After sorting the results in Tables 3 and 4, this study employed the seedling survival rate and shoot RGR as screening indicators to select varieties that were thermotolerant and thermosensitive under different temperatures for the HT and TIR treatments (Table 5). Each variety reacted differently under different treatments, and they were grouped according to their heat stress responses as follows: (1) species that demonstrated greater thermotolerance under both the HT and TIR treatments (i.e., HC56, TK14, and TT30); (2) species that performed poorly under the HT treatment but favorably under the TIR treatment (for example, TNG70 performed poorly under the HT48 and HT50 treatments but demonstrated an outstanding seedling survival rate under the TIR50 treatment and excellent shoot RGR under the TIR48 and TIR50 treatments); and (3) species that displayed outstanding performance at lower temperatures but sharp performance declines when the temperature exceeded a certain threshold (for example, TCS10 exhibited a high seedling survival rate under the HT45 treatment but became thermosensitive under the HT48 and TIR48 treatments). In addition, N22 exhibited high heat sensitivity regardless of treatment. After a comprehensive comparison of the seedling survival rate and shoot RGR performances of each variety under the HT and TIR treatments, TK14, HC56, TT30, TK8, TNG70, and HL21 were selected in this study as thermotolerant species and N22, KH145, and Koshiibuki as thermosensitive species.
Relationship between the seedling thermotolerance of Taiwan rice varieties and their genetic relationship, release year, and seed germination rate
A phylogenetic dendrogram was plotted in this study for the 27 varieties according to their phylogenetic distances. Figure 2 indicates that the Indica-type varieties consisted of their own group (I1), while the Japonica-type rice varieties could be divided into four groups (J1, J2, J3, and J4).
By observing the distribution of thermotolerant varieties such as TK14, HC56, TT30, TK8, TNG70 and HL21 that were screened from the above comprehensive comparison on the phylogenetic dendrogram, the possible distribution of thermotolerance genes in these varieties could be discussed (Fig. 2). The results indicated that thermotolerant genes were not concentrated in specific clusters but instead scattered across all clusters. Furthermore, comparing the thermotolerance performance between Indica and Japonica type varieties (Fig. 2) revealed that Indica type varieties did not demonstrate significantly greater thermotolerance.

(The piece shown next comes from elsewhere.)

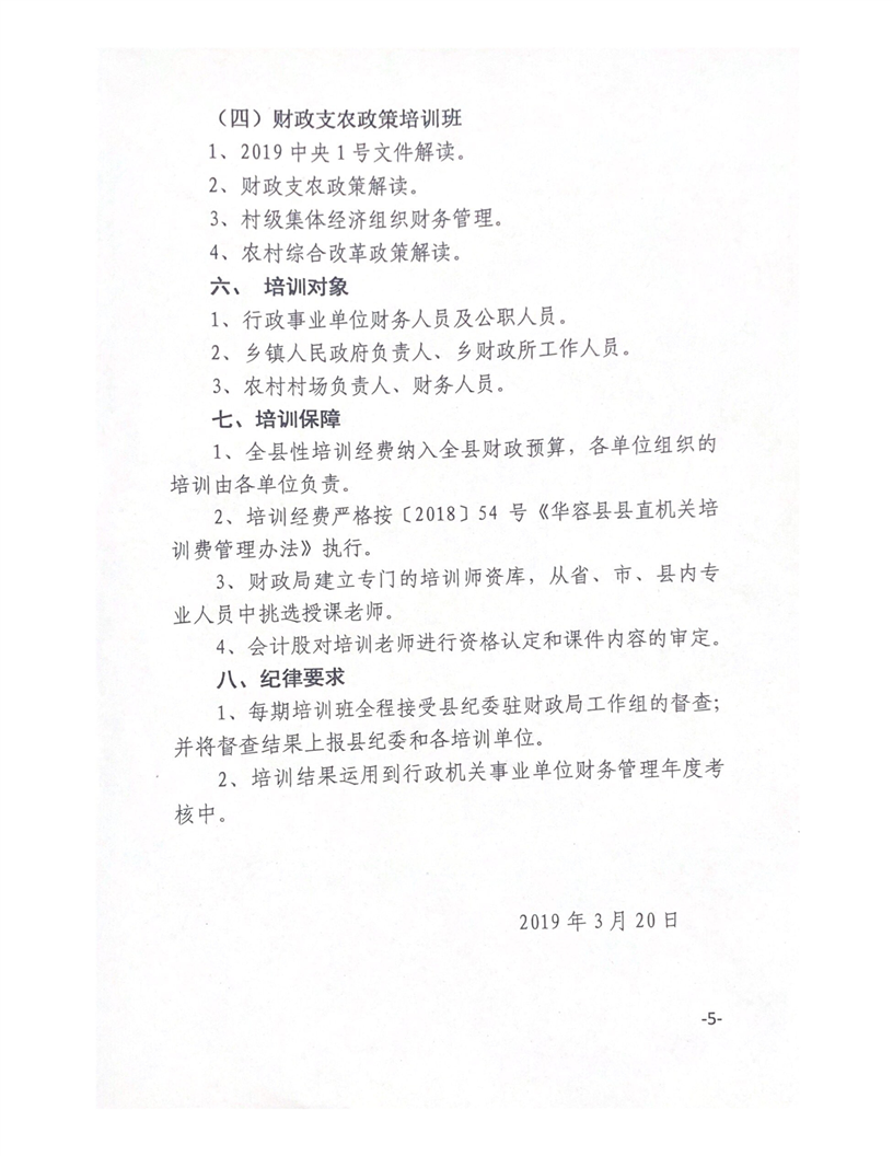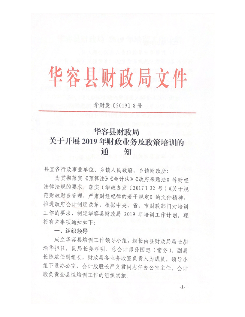 华容县财政局关于开展2019年财政业务及政策培训的通知

This study also explored the changes in germination rate under high temperature, and its correlation with seedling survival rate and shoot RGR. The relative germination rate in the 42 °C results showed that TCS10, Giza 178, TCS197, TK17, Koshiibuki, and TN1 demonstrated greater relative germination rates, whereas HL21 and TT30 demonstrated the lowest relative germination rates (Fig. 3).
Figures 4 and 5 present the correlations of the relative germination rates under the 42 °C treatment with the seedling survival rates under the HT45 treatment, the seedling survival rates under the TIR50 treatment, and the shoot RGR values under the TIR48 treatment, and demonstrate R2 values of 0.3384, 0.2779, and 0.1737, respectively. The results indicated that the relative germination rate under the 42 °C treatment was slightly correlated with the survival rate under HT45, the survival rate under TIR50, and the shoot RGR under TIR48.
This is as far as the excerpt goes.